В этот момент в него врезался внедорожник под управлением Андрея пока еще Дмитриевича, от чего этот юный диверсант, на которого совсем не обращали внимания, пришел в неописуемый восторг.
— Бомба! — вскрикнул мальчишка, захлопав в ладоши. И Юлька рассмеялась, уткнувшись в цветы. А когда подняла лицо, выдала:
— Ну а кто не пришел бы в ярость, узнав, что эта бомба к нему отношения не имеет? Тебе повезло — ты был в обратной ситуации. И то пыхтел.
— Поэтому пусть работают юристы.
— Ты действительно готов был… если бы он не родной — ты готов был… — неловко пробормотала она, но ее голос перебил звонок в дверь.

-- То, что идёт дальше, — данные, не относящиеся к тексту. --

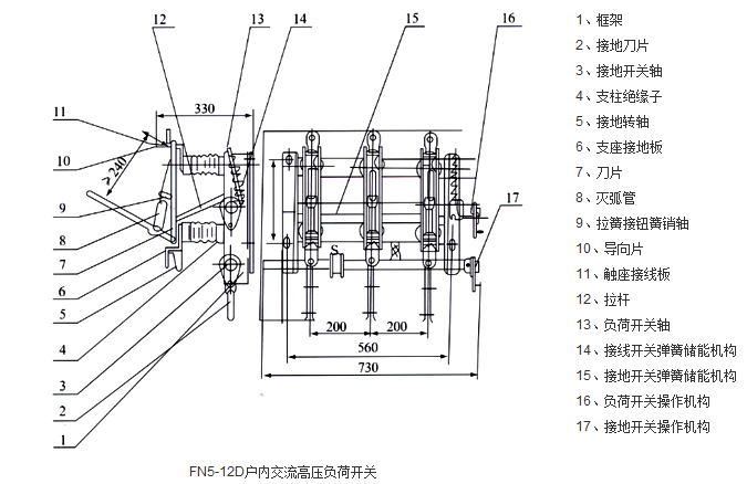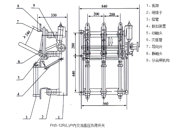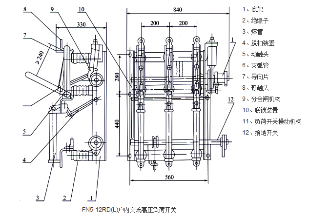 FN5-12R(L)型户内交流高压负荷开关-熔断器组合电器亦称带脱装置负荷开关(以下简称开关),适用于50Hz,额定电压6-12KV的网络中,可开断负荷电流、过载电流及短路电流,本负荷开关配用CS6-Ⅰ型手动操作机构,本产品专用的CS□手动机构。
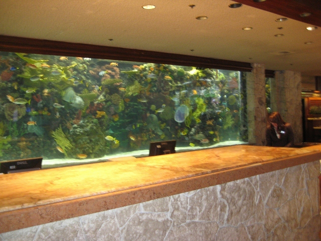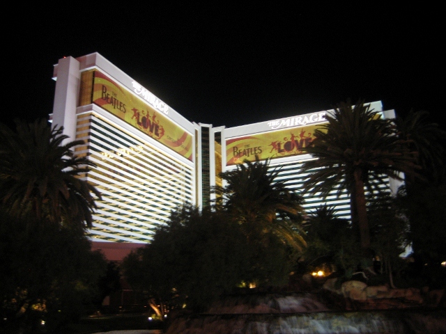 Em frente ficam mais dois hotéis de outro grupo, ambos mais antigos. O primeiro é o Mirage, onde acontece o show do Cirque du Soleil Love, em homenagem aos Beatles, mas que contarei melhor em outro post específico. A decoração do hotel em si não tem grandes atrativos, mas mesmo assim atrai muito jogadores para o seu cassino. Para quem não gosta de jogar, vale a pena visitar sua recepção, que conta com um imenso aquário ao fundo e muito bonito, diversão certa para a garotada. Outra atração interessante para os pequenos é o Jardim Secreto dos mágicos Sigfried & Roy, que é uma espécie de mini zoológico de animais selvagens, como tigres, leões, panteras, etc.. A noite ainda rola um show gratuito a cada 15 minutos, onde eles simulam a erupção de um vulcão com muito fogo e água. Infelizmente acabei esquecendo de tirar mais fotos do hotel. 😦

— А ты действительно не понимаешь, что это не имеет значения? — спросил Моджеевский таким тоном, будто объяснял, что дважды два четыре, непроходимому тугодуму. — В том, что Андрей — мой, есть единственный плюс. Рано или поздно мы избавимся от Ярославцева навсегда.
Юля слушала то, что он говорил, затаив дыхание. Но едва он замолчал, вздохнуть не смогла. Будто бы впитывала и пыталась в полной мере осознать, что все это значит для нее. Смотрела, не отрываясь до тех пор, пока звонок не повторился.
После этого выдала тихонько:
— Ой! — и, отставив картонку с розами на диван возле себя, подхватилась с места и бросилась открывать. Потому что привезли ужин. Ужин, который Богдан заказал, чтобы ей не пришлось готовить, раз уж сегодня она сообщила, что будет поздно. Тот самый. Из «Соль Меньер».
Спровоцировавший Танин визит к нему буквально на следующий день.
Прямо сейчас сестра сидела напротив него и внимательно изучала его физиономию с видом, излучавшим нормальное сестринское «Ага-а-а! Попался!»
А Богдан, перезагрузившись, выдал:
— Ну откуда ты узнала — спрашивать не буду, это и без того понятно. Но дальше-то что? Я обязан ужинать только дома?
— А детское меню?
— А детское меню — для детей, — продолжал испытывать Танькино терпение Бодя.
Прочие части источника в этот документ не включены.